/ 15 August 2019

Mkhwebane loses again, this time over Vrede dairy probe

Public Protector Busisiwe Mkhwebane must pay 7.5% of the costs of the DA and 7.5% of the costs of Casac in her personal capacity.
Public Protector Busisiwe Mkhwebane must pay 7.5% of the costs of the DA and 7.5% of the costs of Casac in her personal capacity. (Phill Magakoe/Gallo)

 

 

In yet another stinging court defeat for Public Protector Busisiwe Mkhwebane, the high court on Thursday made a personal and punitive costs order against her in litigation over her report into the Gupta-linked Vrede dairy project.
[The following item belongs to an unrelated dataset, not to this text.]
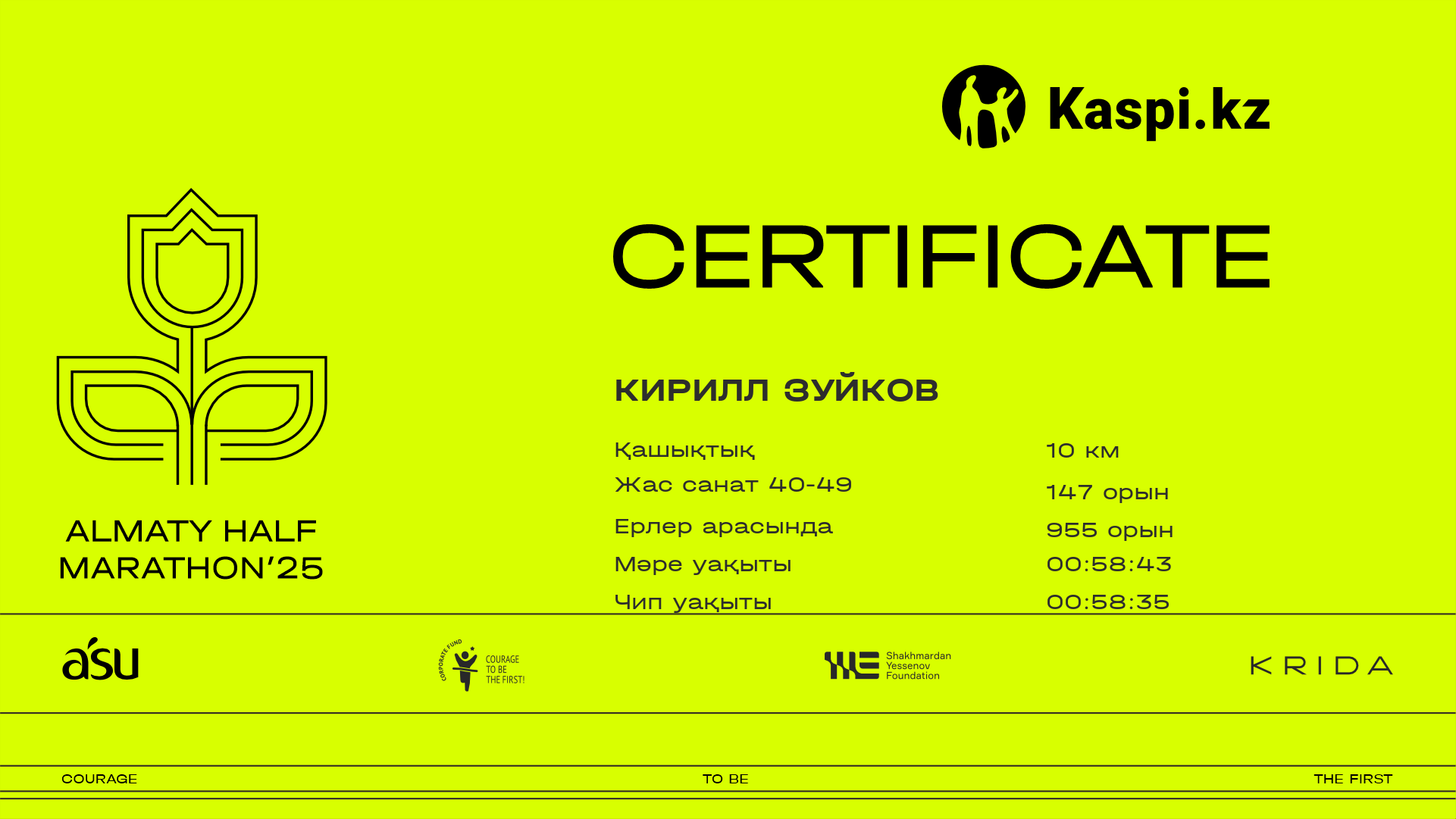 | 1143 | Ризван Иналов | ![]() | Алматы | 4525 | 00:39:00 | 00:57:26 | 00:54:06 | Жүктеп алу |

Judge Ronel Tolmay’s order follows a similar order by the Constitutional Court in July. The highest court in South Africa made a personal and punitive costs order against Mkhwebane after finding that she acted in bad faith, and was dishonest with the courts in litigation over her report into 1980’s bail-out by the Reserve Bank of Bankorp, which was acquired by Absa in 1992.

READ MORE: Vrede — Court hears Public Protector ‘acted incompetently’
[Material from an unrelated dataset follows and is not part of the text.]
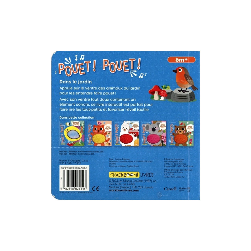 Appuie sur le ventre des animaux du jardin pour les entendre faire pouet ! Avecson ventre tout doux contenant un élément sonore, ce livre interactif est parfait pour faire rire les tout-petits et favoriser l'éveil tactile.

In handing down the costs judgment, Tolmay said: “In my view, her conduct in this matter is far worse, and more lamentable than that set out in the Reserve Bank matter. At least there her failures impacted on institutions that have the resources to fend for themselves. In this instance her dereliction of duty impacted on the rights of the poor and vulnerable in society, the very people, for whom her office was essentially created.”

In May, Tolmay set aside the public protector’s report into the Vrede dairy project in Free State. She said then that Mkhwebane had narrowed the scope of the investigation so dramatically that it “side stepped all the crucial aspects regarding the complaints and led to a failure on her part to execute her constitutional duty”.

However, she delayed her decision on how to award costs until the Constitutional Court had given its judgment in the Reserve Bank case.

Tolmay quoted extensively from the Constitutional Court’s judgment and even from the dissenting minority judgment by Chief Justice Mogoeng Mogoeng, which said that extraordinary circumstances should be present for personal and punitive costs order.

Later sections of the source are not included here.